Recent academic work has explored the structures and dynamics that produce access to health services and the production and management of transnational migrant health. Building on concepts of migration, transnationalism and diaspora, the scholarship has considered how migration processes, such as selection and screening, transit and incorporation into the places of reception, affect health; over varying time scales, from years after arrival, to the life course and generational time; and how transmigrant and diasporic identities and relationships affect health practices in the places of reception as well as the places of origin. For example preentry health screening of labour migrants from Pakistan to Persian Gulf countries and their forced deportation on the basis of HIV positive status. 
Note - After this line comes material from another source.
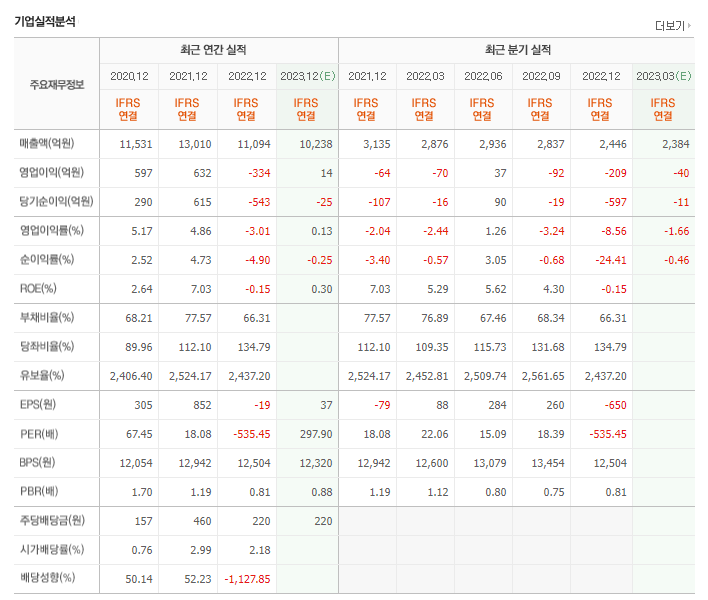 -2022년 12월 전년동기 대비 연결기준 매출액은 14.7% 감소, 영업이익 적자전환, 당기순이익 적자전환. 2022년 초반부터 전자기기의 수요의 기저효과로 특히 TV, 모니터 등의 IT 제품의 수요 감소가 나타나고 있음. 동사는 전장 사업부를 새로운 동력으로 삼고 경쟁력을 강화하고 있음. 자동차 사업부를 독일로 이전한 뒤 유럽 시장 공략에 박차를 가하고 있음.

Anthropological and sociological perspectives on migration offer great insights into the crises of migrant health, from the exclusionary predicaments of asylum seekers, refugees and irregular migrants; the biolegitimacy afforded by trauma and ill health, but simultaneously, the embodied vulnerability and health-related undeservingness that migrants face; and the effects of the transnational migration of professional health workers on the healthcare systems of low and middle income countries.

In this conference we want to bring together emerging work on migration and health in Pakistan, especially ethnographic cases studies, with an aim to set up a network of academics in universities in Pakistan and the UK for future collaborations. We would encourage scholarly work in thematic areas listed below. However, these are only indicative of the field, please feel free to submit an abstract that deals with areas of health and migration more broadly.

  1. Labour migration and health; health screening and deportation, segmented labour markets, conjugated oppression and its health effects, invisible health risks.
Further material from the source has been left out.